Submission received: 22 August 2024 / Revised: 17 September 2024 / Accepted: 24 September 2024 / Published: 6 October 2024
(This article belongs to the Special Issue Therapeutic Potential for Cannabinoid and Its Receptor)

Abstract

:
The public is increasingly reporting using cannabis for anxiety relief. Both cannabis use and the endocannabinoid system have been connected with anxiety relief/anxiolytic properties, but these relationships are complex, and the underlying mechanisms for them are unclear. Background/Objectives: Work is needed to understand how the endocannabinoid system, including the endocannabinoids anandamide (AEA) and 2-arachidonoylglycerol (2-AG), may be impacted by the main constituents of cannabis, Δ9-tetrahydrocannabinol (THC), and cannabidiol (CBD). Methods: The current study examined how the ab libitum use of products differing in THC and CBD affected AEA and 2-AG among 292 individuals randomly assigned to THC-dominant use (N = 92), CBD-dominant use (N = 97), THC + CBD use (N = 74), or non-use (N = 29). Results: The findings suggest that AEA levels do not change differently based on 4 weeks of cannabis use or by cannabinoid content, as AEA similarly increased across all conditions from study weeks 2 to 4. In contrast, AEA decreased at an acute administration session with product conditions containing any THC having greater AEA levels on average than the non-use condition. With regard to 2-AG, its levels appeared to primarily be affected by THC-dominant use, both acutely and over 4 weeks, when controlling for baseline cannabis use and examining study product use frequency among use conditions. Conclusions: Overall, the results continue to shed light on the complicated relationship between cannabinoid content and endocannabinoid production, and highlight the need for continued research on their interplay in human subjects.

1. Introduction

The United Nations estimated 218 million cannabis users globally in 2020 [1], and meta-analytic data suggest that anxiety is among the most common reasons individuals choose to self-medicate with cannabis [2]. However, much of the existing research on medical cannabis use is equivocal as to whether exogenous cannabinoids, such as Δ9-tetrahydrocannabinol (THC) and cannabidiol (CBD), have therapeutic effects [3]. Furthermore, there remains a great deal to be learned about the mechanisms by which exogenous cannabinoids act upon the body towards clarifying the anxiogenic or anxiolytic properties of these compounds. In this endeavor, a greater understanding of the endocannabinoid system is a crucial component.
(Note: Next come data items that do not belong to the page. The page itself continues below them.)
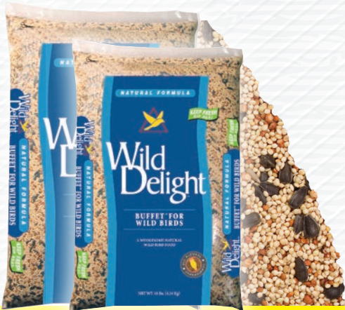
Buffet® For Outdoor Birds
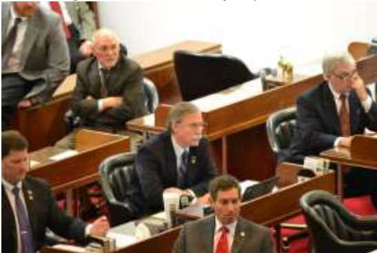
Keeping up with the flow of legislation on the House floor via our on line dashboard

Provides additional screening and personnel security to safeguard critical financial information of state agencies and employees
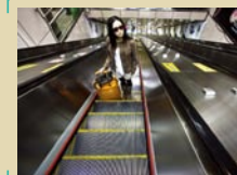
8 片名：台北飄雪（台日） Snow Fall in Taipei 導演：霍建起 Hou Jian-Qi 景點：忠孝復興捷運站 MRT ZhongXiaoFuXing Station
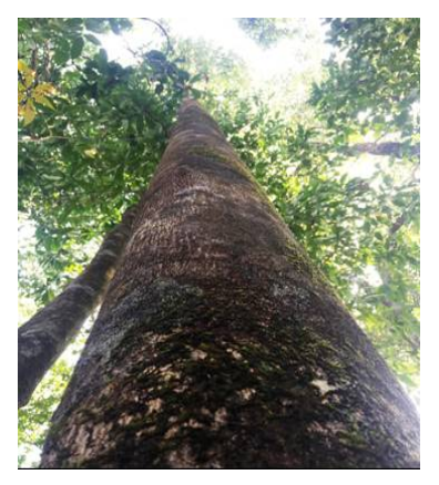
Figure 2. Matured Aquilaria species

Agar-wood is well known for its extraordinary aromatic properties and has three principal uses. They are most commonly used as essential ingredients to make medicines, perfumes and incense.
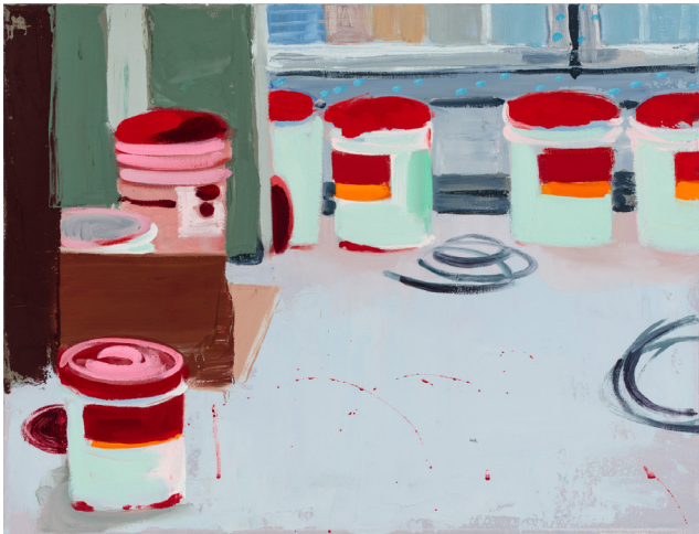
Seven Buckets , 2016, Oil on canvas, 35,6 x 45,7 cm
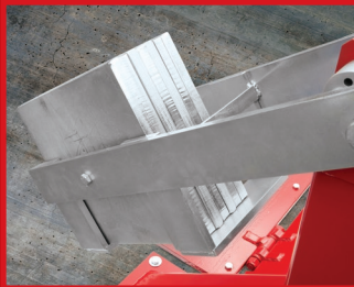
Fast Raise and Lower of the heavy steel wedge is possible with the use of precise counter weight

CAR RENTAL LOTS • COMMERCIAL AND INDUSTRIAL TRAFFIC CONTROL • INFRASTRUCTURE FACILITIES • PENITENTIARY TRANSPORTATION AND SHIPPING MAXIMUM SECURITY
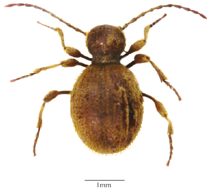
FIGURE 2. The species Niptus hololeucus , new record for Iran (dorsal view).
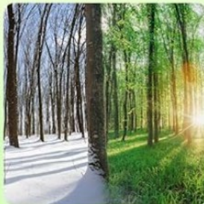
USDA Zones 3-10
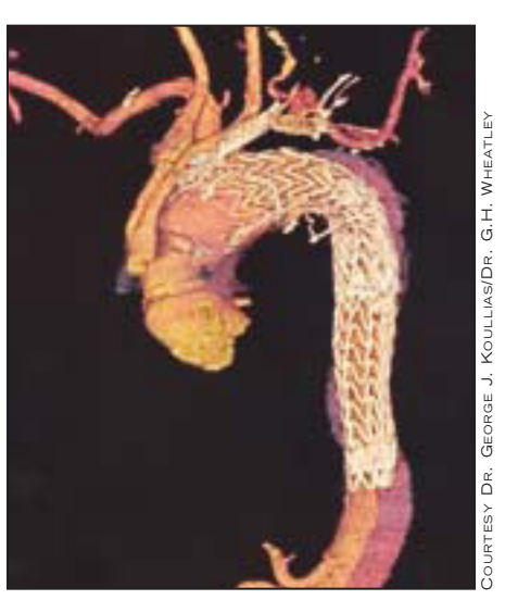
A hybrid approach was used in this patient with a type A aortic dissection.

A total of 55 studies, comprising 28 retrospective studies and 27 case reports, was identified. These included 582 patients (412 men and 170 women). Based on sample size criteria, a final total of 15 studies with 463 patients (320 men and 143 women) was included in the metaanalysis. The 40 remaining studies included up to 119 patients (92 men and 27 women) and comprised case reports and small retrospective studies (fewer than 11 patients per study). These were analyzed descriptively, according to Dr. Koullias of a cardiac surgery practice in Peoria, Ill., and his colleague, Dr. G.H. Wheatley of a cardiac group practice in Phoenix.
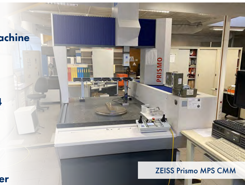
ZEISS Prismo MPS CMM

ONLINE AUCTION CLOSING 7th JUNE MORE INFORMATION ON WWW.MAYNARDEUROPE.COM | EMAIL: INQUIRY@MAYNARDS.COM
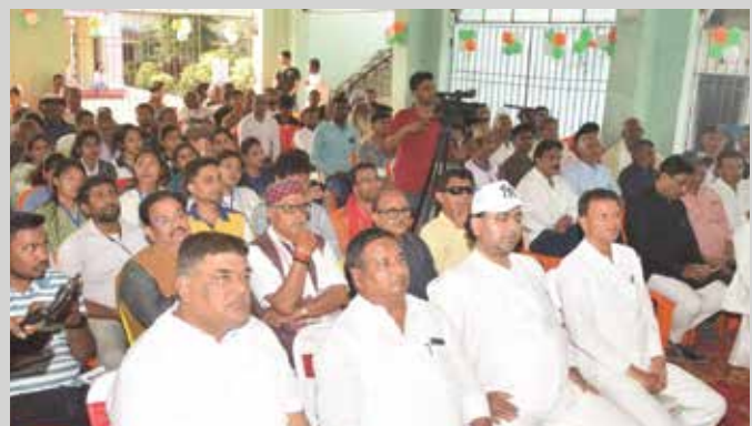
Glimpses from the camp
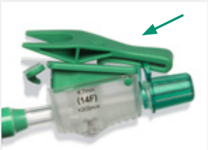
Remove the disconnection wedge from the retained cap.
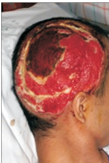
Fig. 1. A third-degree burn on the right scalp of the patient, and skull necrosis.

While working on electrical wiring, a 33-year-old male fell from a height of 1.5 m after receiving a 10,000-V electrical shock from a high-voltage power line. The patient had third-degree burns on his left arm and right scalp (Fig. 1). Because of the burn and the presence of compartment syndrome, the left arm was amputated below the elbow; later, due to the development of necrosis on the stump, an additional amputation above the elbow was done. To treat the right scalp injury, debridement of dehiscence and skull necrosis was performed, followed by flap surgery. The patient had neurologic deficits manifesting as spasticity, motor weakness, and sensory impairment below thoracic level 11. According to the International Standards for Neurological Classification of Spinal Cord Injury (ISNCSCI) scoring system, the total

The endocannabinoid system (ECS) is an important modulator of the central nervous system [4] composed of three components: endogenous, lipid-based endocannabinoid neurotransmitters, enzymes that degrade and synthesize endocannabinoids, and cannabinoid receptors (CB1 and CB2) [4,5]. THC, the most prominent psychoactive component in cannabis acts as a partial agonist on CB1 and CB2 [6], while CBD is believed to act upon CB1 and CB2 as a non-competitive negative allosteric modulator [7,8]. It is also believed that THC and CBD interact with endocannabinoid neurotransmitters, though these mechanisms are less understood.
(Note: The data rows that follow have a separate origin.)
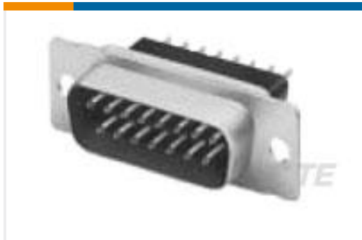
TE Part #5745413-1 37 PLUG SP/MS STD
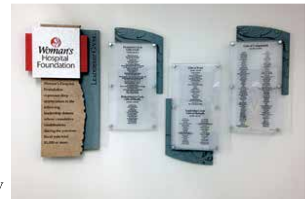
Annual Giving Leadership Donor Recognition Wall
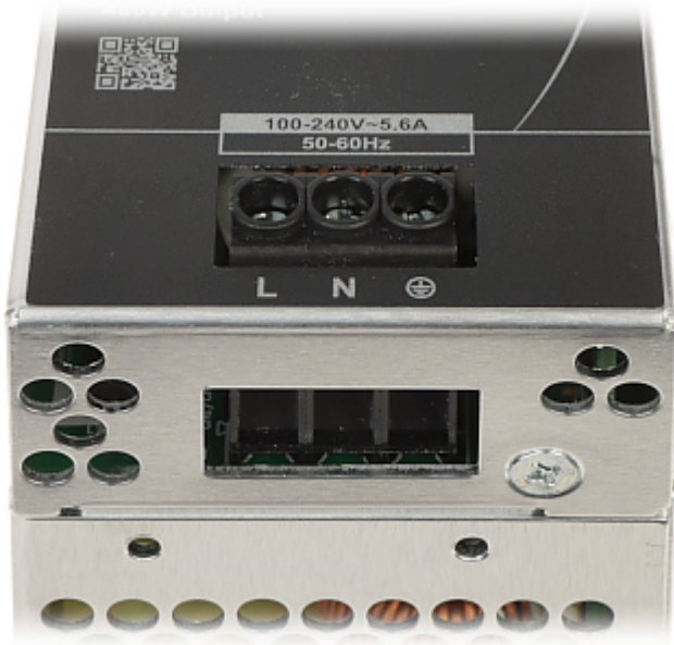
Rear panel (DIN rail installation):
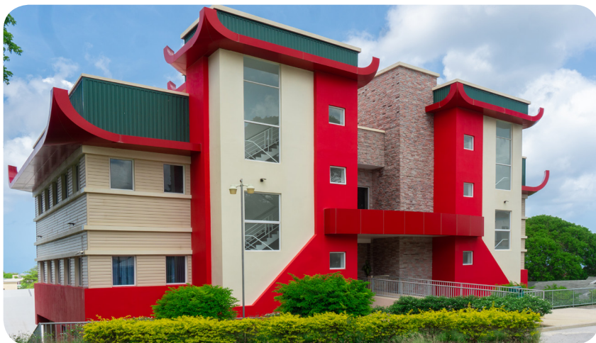
The Confucius Institute MAIN CAMPUS
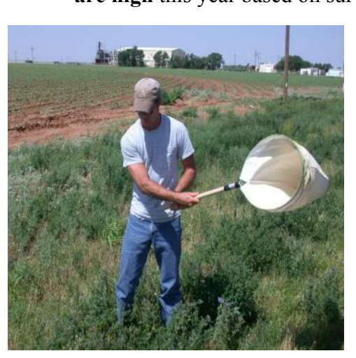
Sweeping roadside alfalfa.

As I reported last week, Lygus bug numbers are high this year based on surveys of several

The most studied endocannabinoids to date are anandamide (N-arachidonoyl ethanolamide; AEA) and 2-arachidonoylglycerol (2-AG) [9]. These two compounds have a similar chemical structure and short half-life but are distinct in important ways [10]. AEA is a partial agonist of CB1 and functions to regulate boundary lipid function in response to physiological stimuli that have been implicated in anxiety etiology [11]. It is derived mainly from the cleavage of N-arachidonoyl phosphatidylethanolamine (NAPE) [12] and degraded by intracellular fatty acid amide hydrolase (FAAH) [13] and N-acylethanolamine acid amidase (NAAA) enzymes [14]. Concentrations of AEA in the central nervous system are magnitudes lower than 2-AG [15], and it has a much lower efficacy for cannabinoid receptors (acting as a partial agonist) than 2-AG, which is a full agonist [16]. Additionally, in contrast with 2-AG, AEA can bind with vanilloid receptors [17].
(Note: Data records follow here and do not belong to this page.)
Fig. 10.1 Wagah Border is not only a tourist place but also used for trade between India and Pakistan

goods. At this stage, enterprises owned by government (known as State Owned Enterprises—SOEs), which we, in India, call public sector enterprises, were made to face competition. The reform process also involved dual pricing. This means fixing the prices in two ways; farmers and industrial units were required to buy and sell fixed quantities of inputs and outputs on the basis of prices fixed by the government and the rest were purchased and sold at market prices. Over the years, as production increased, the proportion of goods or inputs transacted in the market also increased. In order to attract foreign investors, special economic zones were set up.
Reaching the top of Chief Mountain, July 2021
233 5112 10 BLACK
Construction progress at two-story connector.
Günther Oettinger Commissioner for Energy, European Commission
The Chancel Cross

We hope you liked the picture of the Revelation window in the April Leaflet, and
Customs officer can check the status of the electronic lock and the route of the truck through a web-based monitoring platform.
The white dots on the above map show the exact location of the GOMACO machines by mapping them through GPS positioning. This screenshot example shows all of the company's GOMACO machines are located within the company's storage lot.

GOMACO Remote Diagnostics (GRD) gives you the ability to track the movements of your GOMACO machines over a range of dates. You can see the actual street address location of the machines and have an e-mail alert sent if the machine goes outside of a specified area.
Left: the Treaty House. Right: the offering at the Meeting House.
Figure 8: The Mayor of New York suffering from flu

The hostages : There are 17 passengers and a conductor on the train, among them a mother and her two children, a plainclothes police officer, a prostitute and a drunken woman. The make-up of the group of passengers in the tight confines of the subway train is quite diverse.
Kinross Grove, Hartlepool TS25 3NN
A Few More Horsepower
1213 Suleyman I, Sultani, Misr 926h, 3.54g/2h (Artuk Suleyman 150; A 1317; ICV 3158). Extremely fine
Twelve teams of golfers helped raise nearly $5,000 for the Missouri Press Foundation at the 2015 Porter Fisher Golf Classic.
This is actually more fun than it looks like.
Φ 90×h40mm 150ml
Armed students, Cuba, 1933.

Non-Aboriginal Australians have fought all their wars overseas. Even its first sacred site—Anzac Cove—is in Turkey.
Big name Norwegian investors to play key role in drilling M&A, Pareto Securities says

2-AG has a synergistic pathway with AEA [18] and has also been implicated in the etiology of mood disorders such as anxiety and depression [19,20]. 2-AG is synthesized by the phospholipase C (PLC)-diacylglycerol (DAG) lipase pathway [21] or by the hydrolysis of inositol phospholipids [22]. It is degraded enzymatically, partially by FAAH, but primarily by monoacylglycerol lipase (MAGL) and diacylglycerol lipase (DAGL) [23].
As described by Nahas and colleagues [24], THC does not interact directly with AEA, but potentially through two indirect pathways. Specifically, THC is believed to dose-dependently decrease AEA concentrations at the synapse, either when binding to CB1 or by influencing membrane proteins permeating the lipid bilayer. Building on this early pre-clinical work, research in humans is accumulating to support this. For example, one early study demonstrated that THC administration was related to a decrease in AEA concentrations within hours [25], while another very recent study found THC administration was related to decreases in AEA plasma concentration, with progressively lower pre-administration AEA levels between each of four trials, occurring a median of 14 days apart [26]. However, the timing of THC administration and AEA measurement may be critical in clarifying this relationship, as Thieme and colleagues reported a biphasic effect in which AEA initially increased from baseline levels but then fell again after 48 h [17].
While we know that CBD antagonizes the effects of THC at the receptor site [27], we know less about the mechanisms by which CBD acts on AEA. Currently proposed mechanisms support the hypothesis that CBD has an opposite effect on AEA compared to THC and increases AEA concentrations [28]. These possible mechanisms include the inhibition of lipoxygenases involved in AEA degradation, competitive binding to proteins that transport AEA towards FAAH enzymes for catabolism, or mediating the agonism bias of CB1 and CB2, which in turn changes the effect of AEA, though the experimental component of the study cited here found no significant effect of CBD on AEA over a period of 28 days [28]. There is less research on the relationship between CBD and AEA, and pre-clinical results have been mixed or do not specifically measure AEA concentrations following CBD administration, but rather inflammatory processes thought to be related to AEA [29]. The results are also equivocal in humans. For example, in the recent study described above, CBD had no effect on AEA concentrations [26], while other earlier work has reported that CBD increased AEA concentrations in schizophrenia [30].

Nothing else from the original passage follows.